What the exercise asks –
Extract the lines of the material below, beginning with the first and ending with the line that holds "在社區(qū)莊重的紅色小院". Skip every picture.
[Information shown — start]
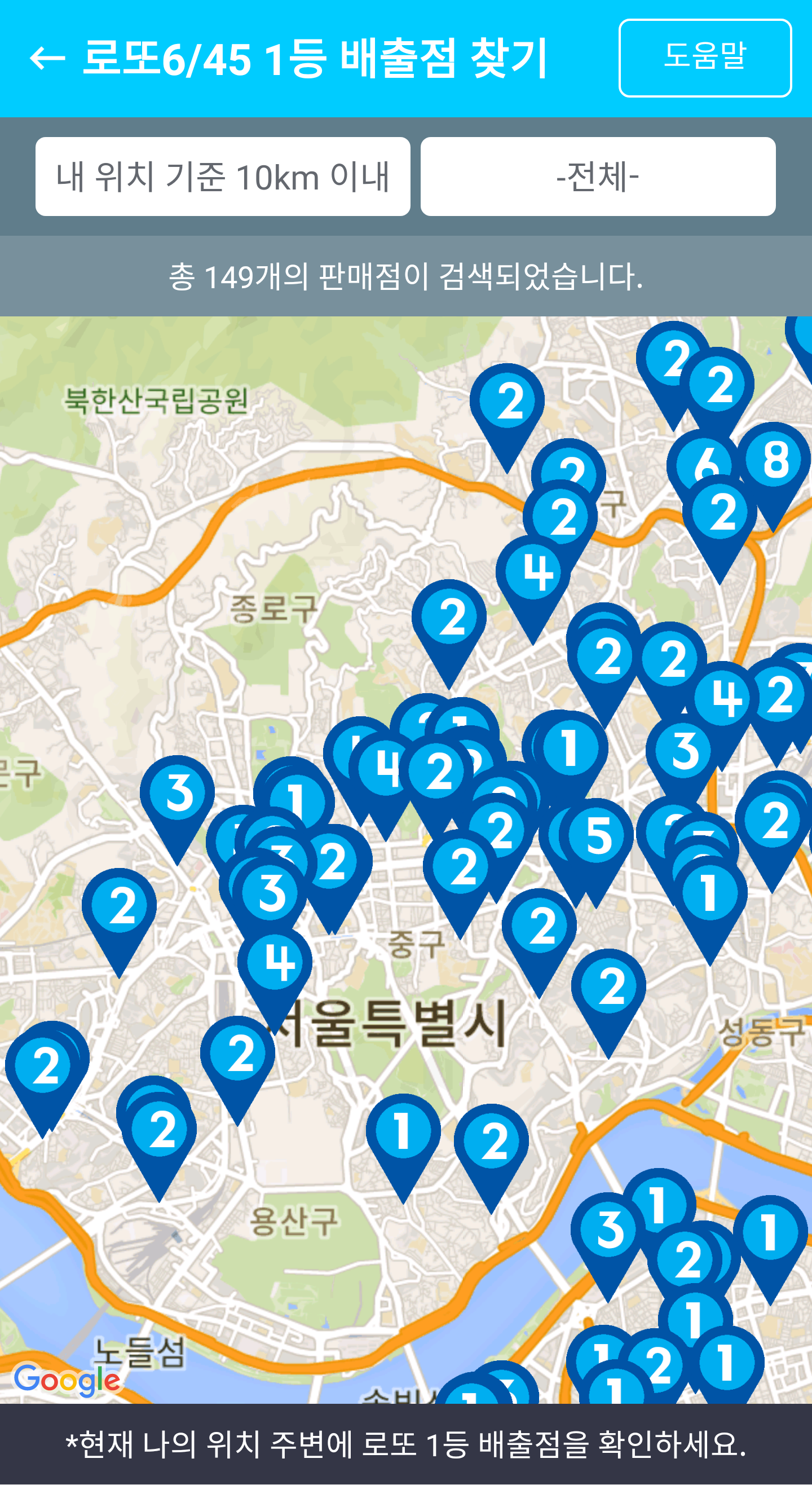 *현재 내 주변에 로또 1등 배출점(판매점) 정보를 지도에 표기하여 제공합니다.
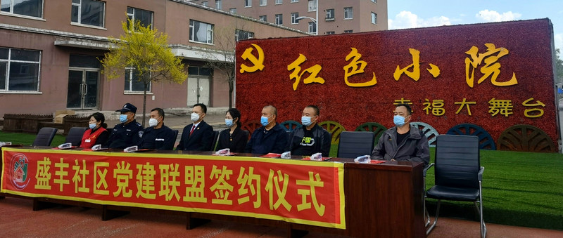 在社區(qū)莊重的紅色小院幸福大舞臺,孫家堡子街道派出所、中鐵二十三局集團等9家聯(lián)盟成員單位,分別與盛豐社區(qū)簽訂了《黨建聯(lián)盟共建協(xié)議書》,雙方在組織共建共促、黨員隊伍共育、資源共享、精神文明共創(chuàng)、服務(wù)難題共解等方面做出鄭重承諾。
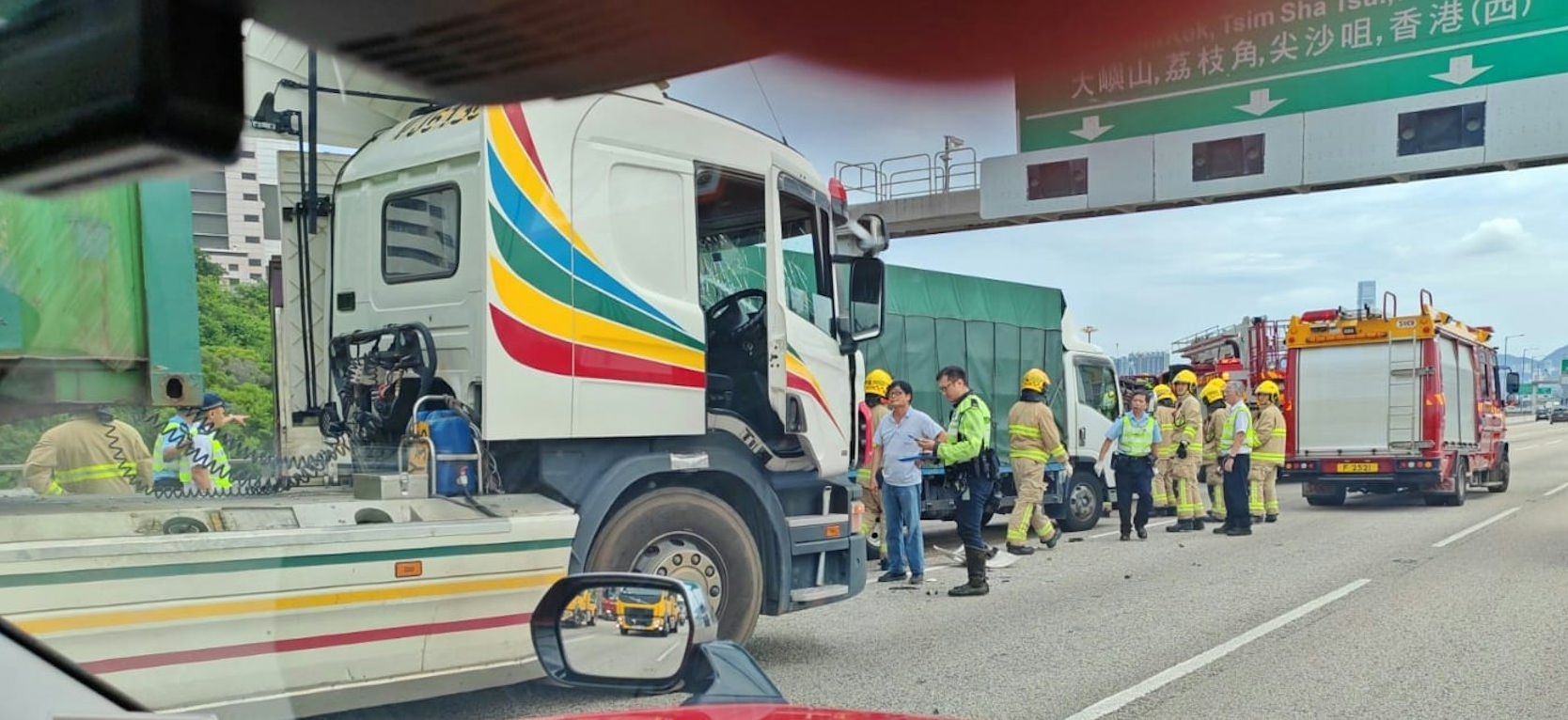 今日下午1時26分,青葵公路往九龍方向、近瑪嘉烈醫院對開發生4車相撞,包括一輛拖頭、兩輛貨車及一輛私家車。其中一名貨車司機一度夾腳被困車廂,救出後經由救護車送往瑪嘉烈醫院治理。
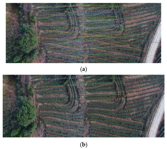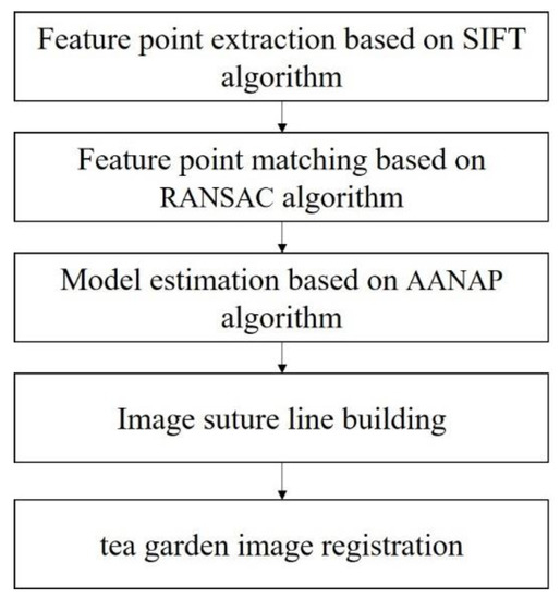 Image mosaic technology has been widely studied in many fields to stitch the images together. It includes image registration and image fusion. The image registration results affect the image fusion. With the diversity of the actual scenes, it is difficult to design a registration algorithm suitable for all scenes. To date, image registration includes frequency-based image registration and space-based image registration. Frequency-based image registration uses the Fourier transform to transform the image to the frequency domain for related processing. The typical frequency-based image registration is the Fourier–Mellin transform [7], phase correlation method [8] and the extended phase correlation method [9]. According to the research, it is known that frequency-based image registration methods can overcome the brightness difference and anti-noise and it is fast and efficient. However, it requires a large overlap ratio between two images, which is mainly applied to the horizontal transformation [10,11]. Therefore, the use of this method in a tea garden is greatly limited. The space-based image registration method is based on gray level or images features. The former divides the overlapping areas of one image into multiple sub areas and calculates their similarity of pixel values using a certain similarity criterion to obtain the translation. The principle of this algorithm is simple. Meanwhile, the registration effect of rigid transformation is good. However, it is greatly affected by illumination and noise, resulting in a large number of calculations [12]. To date, image registration based on features is the most widely used [12,13]. The features generally include feature points, straight lines, edges, and contours. This kind of registration algorithm extracts and matches the corresponding feature points of two images. Then, it calculates the transformation model between the two images to complete the registration.
[Information shown — finish]
Solved exercise –
 *현재 내 주변에 로또 1등 배출점(판매점) 정보를 지도에 표기하여 제공합니다.
 在社區(qū)莊重的紅色小院幸福大舞臺,孫家堡子街道派出所、中鐵二十三局集團等9家聯(lián)盟成員單位,分別與盛豐社區(qū)簽訂了《黨建聯(lián)盟共建協(xié)議書》,雙方在組織共建共促、黨員隊伍共育、資源共享、精神文明共創(chuàng)、服務(wù)難題共解等方面做出鄭重承諾。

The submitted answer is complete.